Here's how it works: Let’s say Young Mother A, is groomed from toddlerhood to fear the wrath of her family, her community, her religious leadership, and her god. Shames into believing she has no intellectual agency, she’s thus enjoined to defend whatever “truth” her leaders/elders dictate. When they inflame her Fear/Shame/Defensiveness with cherry-picked images or verbiage from a book—any book, regardless of its history or benign content—what choice has she but to become “concerned”? At that point, it takes naught but the slightest media coverage, the smallest resistance to her legitimate worries to punt defensive concern into Outrage… her Outrage into activism… her activism into take-it-to-the-street book banninga or burnings.
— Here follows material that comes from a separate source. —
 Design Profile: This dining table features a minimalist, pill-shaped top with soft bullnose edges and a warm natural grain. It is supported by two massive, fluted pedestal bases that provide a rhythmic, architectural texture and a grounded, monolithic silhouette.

Enter Young Mother B, groomed—we’re ALL groomed one way or another—to Fear the first young mother. Accepting without doubt that she must protect her family, her community, her very way of life from all that YMA believes and advocates, she’s enjoined to defend the “truth” dictated by her beliefs, background, and education. In other words, YMA and YMB may have different perspectives and motives, but Good Golly, Miss Molly, they have the exact same agenda. Like YMA, YMB is so primed for the fight that all it takes is her opponent’s Outrage > activism > book banning to flip her own concern and defensiveness into Outrage… take-it-to-the-street counter protests… and headline-grabbing lawsuits.
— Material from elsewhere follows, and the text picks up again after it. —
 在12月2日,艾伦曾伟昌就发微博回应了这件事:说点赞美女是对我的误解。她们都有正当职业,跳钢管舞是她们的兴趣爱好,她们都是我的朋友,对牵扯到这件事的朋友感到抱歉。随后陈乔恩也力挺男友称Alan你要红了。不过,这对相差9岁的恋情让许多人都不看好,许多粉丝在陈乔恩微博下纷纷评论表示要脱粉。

Watch the ball, children. See how it’s batted back and forth? Pay no attention to that gold-plated tower behind the curtain.
We’re being played, boys and girls. Go ahead and swap out book banning for abortion, LGBTQ marriage, transgender-affirming care, gun control, gerrymandering, or even the 2020 election results—doesn’t matter the issue. They’re all made-up causes, every single one of them, all the better to divide-and-conquer those of us stuck with the bill, the carnage clean-up, the thoughts and prayers faithfully sent our way. The more Outrage political/religious fearmongers can foment, the stronger their power base.
No matter our belief system, our ideals, whatever truths we hold to be self-evident or dear, I promise you the contest isn’t being waged between conservative and liberal, straight and LGBTQ, or even Black and White. The make-believe battle between Outrage and Outrage merely establishes a political/religious excuse to step in and usurp control. Think about Russia and Ukraine. Hamas and Israel. Gaetz and McCarthy. It’s the same, all the same. So keep watching the ball go back and forth, my fellow humanoids. Look at the headlines, listen to the atrocity reports. And whatever you do, for god’s sake pay ignore those bedmates behind the red curtain.
It’s not much of a leap even for a dumbasfuck like me to suss out where the Top Secret information that let Hamas overwhelm Israel’s defenses originated… nor the route it took to get from the third-most-powerful-nation’s strongest asset (living at a simultaneously over-and-under valued non-residence golf club in the world’s-most-powerful-nation’s tail), to their handler in Eastern Europe/Northern Asia, who conveyed it to a middle-eastern power trafficker, who traded it for we’ll-probably-never-know-what.
All while We, the People, are distracted by the ping-pong book bannings and LGBTQ rights and gun control and women’s autonomy and school shootings and Washington clowns. All outrageous, to be sure, because Outrage makes headlines.
Am I the only one who thinks it's time We, the People, called our puppet masters’ bluff?